Confusion matrix shows that our model's prediction is not very accurate. Our model high misidentification count (False Positive + False Negative) was (55+8 = 63) for classes 1 and 2,the misidentification count was the highest(69+20 = 89) and for classes 2 and 3, misidentification count was (61+25 = 86).

In [0]:
n_accuracy = ACC_evaluator.evaluate(results3)
print("The accuracy of the Naive Bayes classifier is {}".format(n_accuracy))

n_f1 = f1_evaluator.evaluate(results3)
print("F1 Score is {}".format(n_f1))

n_precision = precision_evaluator.evaluate(results3)
print("Precision is {}".format(n_precision))

n_recall = recall_evaluator.evaluate(results3)
print("Recall is {}".format(n_recall))

The accuracy of the Naive Bayes classifier is 0.37891268533772654
F1 Score is 0.3813590927417984
Precision is 0.7924528301886793
Recall is 0.7924528301886793


In [0]:
sanityCheckRam(results3.groupBy('prediction').agg(F.avg('ram').alias('ramAvg')),'ramAvg').display()

prediction,ramAvg,Sanity
0.0,678.1509433962265,0
1.0,2388.4125,2
3.0,3148.285714285714,3
2.0,2367.945205479452,2


According to the sanity check function defined in the program, if ram is below 1000, it should be in class 0, if it is between 1000 and 2000 it should be in class 1, between 2000 and 3000, it should be in class 2 otherwise class 3. If we pass the avgRam value of our predictions to the sanity check function, we can see that we are getting accurate results, as the sanity value does not match our prediction which proves that the model has failed.

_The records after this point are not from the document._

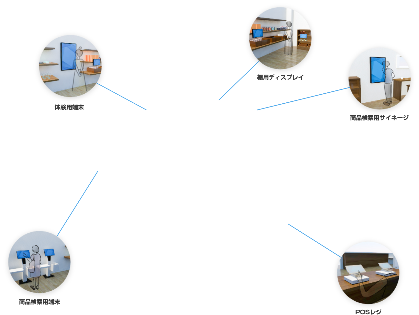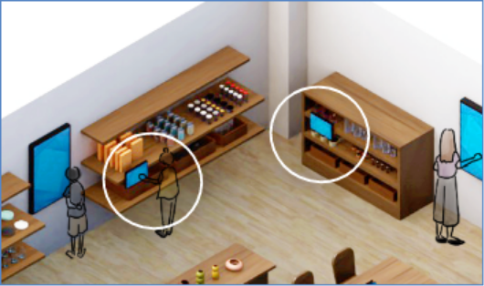店内広告用サイネージ、体験用端末、商品検索用サイネージ、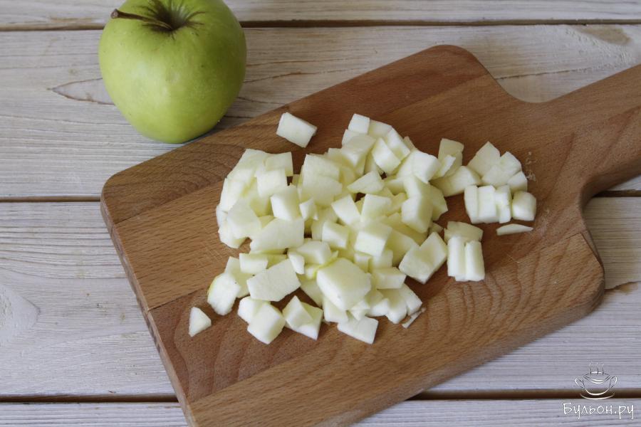 2. Яблоки для этого салата выбирайте на свой вкус. Одним нравятся сладкие, другим кисло-сладкие. Яблоки очистить от кожуры и нарезать на небольшие квадратики.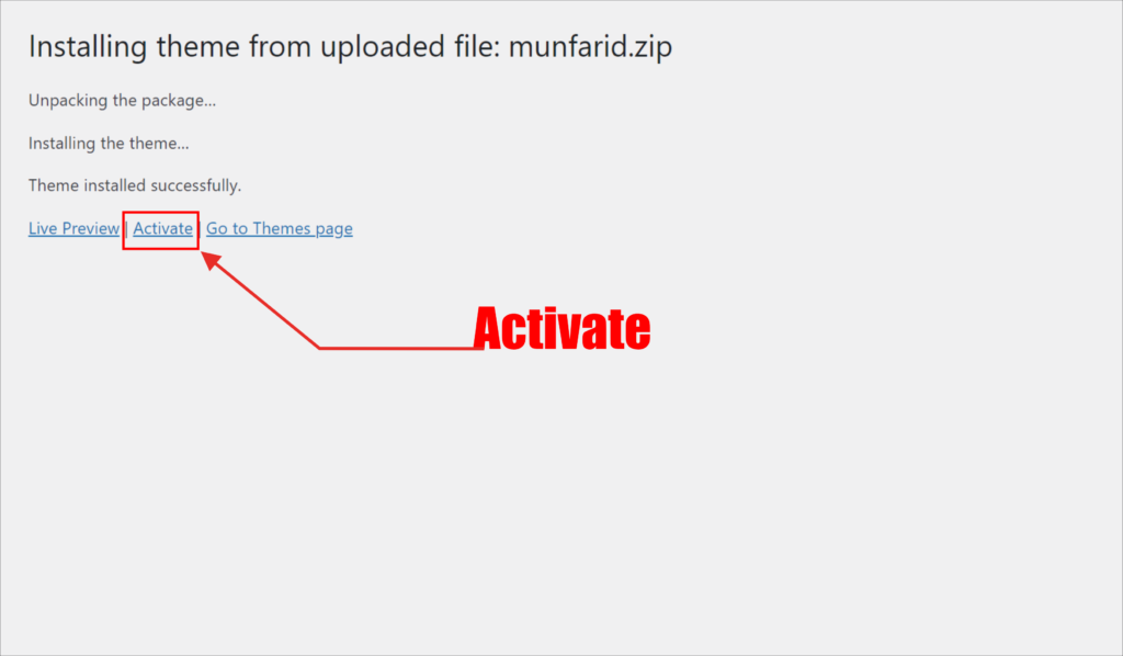 5.) Setelah Theme terinstall lalu Activate theme Munfarid nya, setelah aktif lalu lanjut ke langkah berikutnya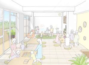 共用部の施設として、リビングには誰もが自由に書き込める「落書きボード」を、各階にユニットバスやミニキッチンなどを設置する。屋上にはウッドデッキや家庭菜園のほか素足で遊べるエリアを設ける。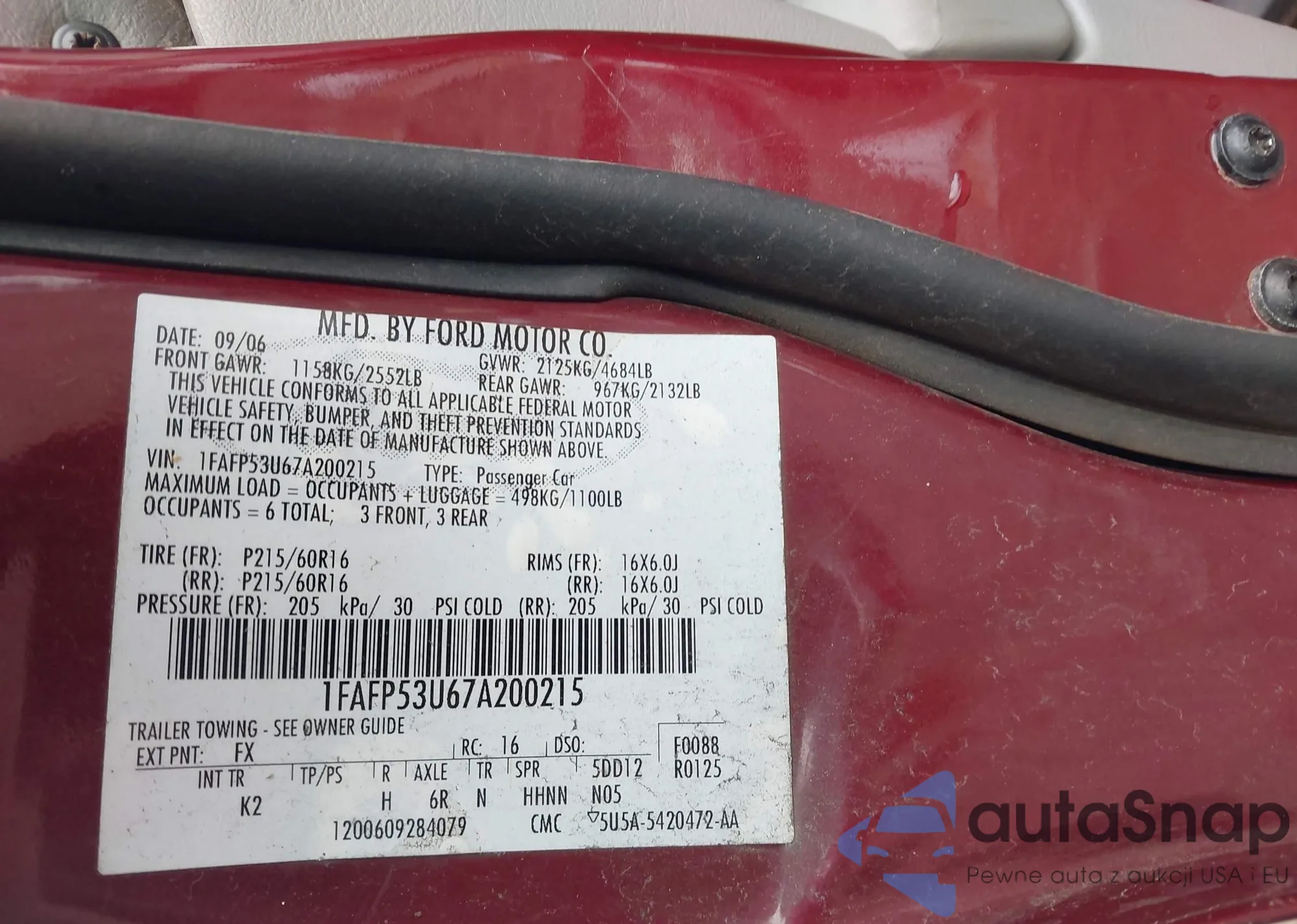 Samochód Ford Taurus 2007 (VIN 1FAFP53U67A200215) nie był wcześniej licytowany. Dokumenty są czyste, przebieg odpowiada lub jest niższy niż średnia rynku. Sprzedaje go firma ubezpieczeniowa – polecamy zakup. Dostawa do portu zajmie ok. 6–8 tygodni.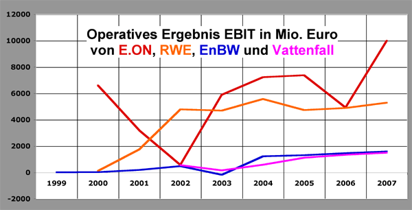 Die Studie nimmt das EBIT (Earnings before Interest and Tax) als aussagekräftigste Gewinnkennzahl, um die Entwicklung der Konzerngewinne nachzuzeichen. Beispielsweise stellt sich so heraus, daß bei RWE seit 2000, bei EnBW und Vattenfall seit 2003 eine Gewinnexplosion zu verzeichnen ist. Nur bei E.ON wird der steile Anstieg der Gewinnkurve seit 2003 im Jahr 2006 kurz unterbrochen (siehe Grafik 1 und Tabelle 1).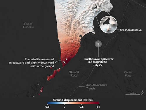 地質学者達は、干渉合成開口レーダー(interferometric synthetic aperture radar)を備えた衛星グループを使って、地震によって、地表がどの程度、どこに移動するかを検出することができる。 |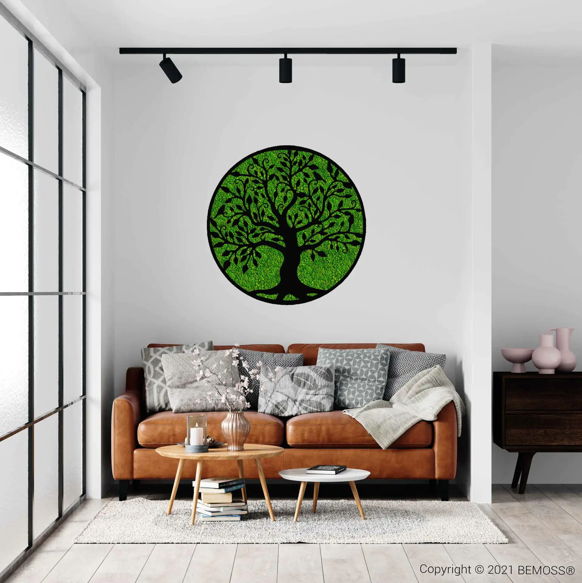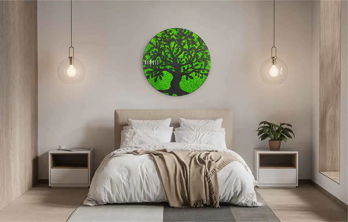 Entdecken Sie die Eleganz des Moosbilds Baum des Lebens Rund – erhältlich in zwei Varianten. Dieses einzigartige Stück ist pflegefrei, aus 100 % natürlichem, stabilisiertem Moos gefertigt und vereint Natur mit modernem Design. Die satte grüne Textur des Mooses und die feine Baum-Silhouette schaffen eine harmonische und zeitlose Wirkung – ein echter Blickfang für Ihr Zuhause.

###Model Comparison for Classification models

In [0]:
spark = SparkSession.builder.getOrCreate()
 
columns = ['Model Name', 'Accuracy']
vals = [('Decision Tree', (d_accuracy*100)), ('Random Forest', (r_accuracy*100)),('Naive Bayes', (n_accuracy*100))]
 
df = spark.createDataFrame(vals, columns)
display(df)

Model Name,Accuracy
Decision Tree,84.01976935749587
Random Forest,80.56013179571664
Naive Bayes,37.89126853377265


#####After comparing all the models, we can see that the Navie Bayes model performs very poorly compared to other 2 models. 
#####Since the decision tree models is giving the highest accuracy, precision, recall and F1 score this model can be used for deployment and real world prediction.

###Business Conclusion

#####Based on our analysis, mobile features used in model creation are very important deciding factors while estimating the price range for the device. 
#####Based on our statistical analysis, features like battery power, clock speed, internal memory, number of cores, ram are the most important features for prediction.
#####For any company entering the market can use this machine learning model to estimate the price range for their device based on these features. 
#####This is a very significant problem which is solved using machine learning and can be used by the industry to predict price range for any device.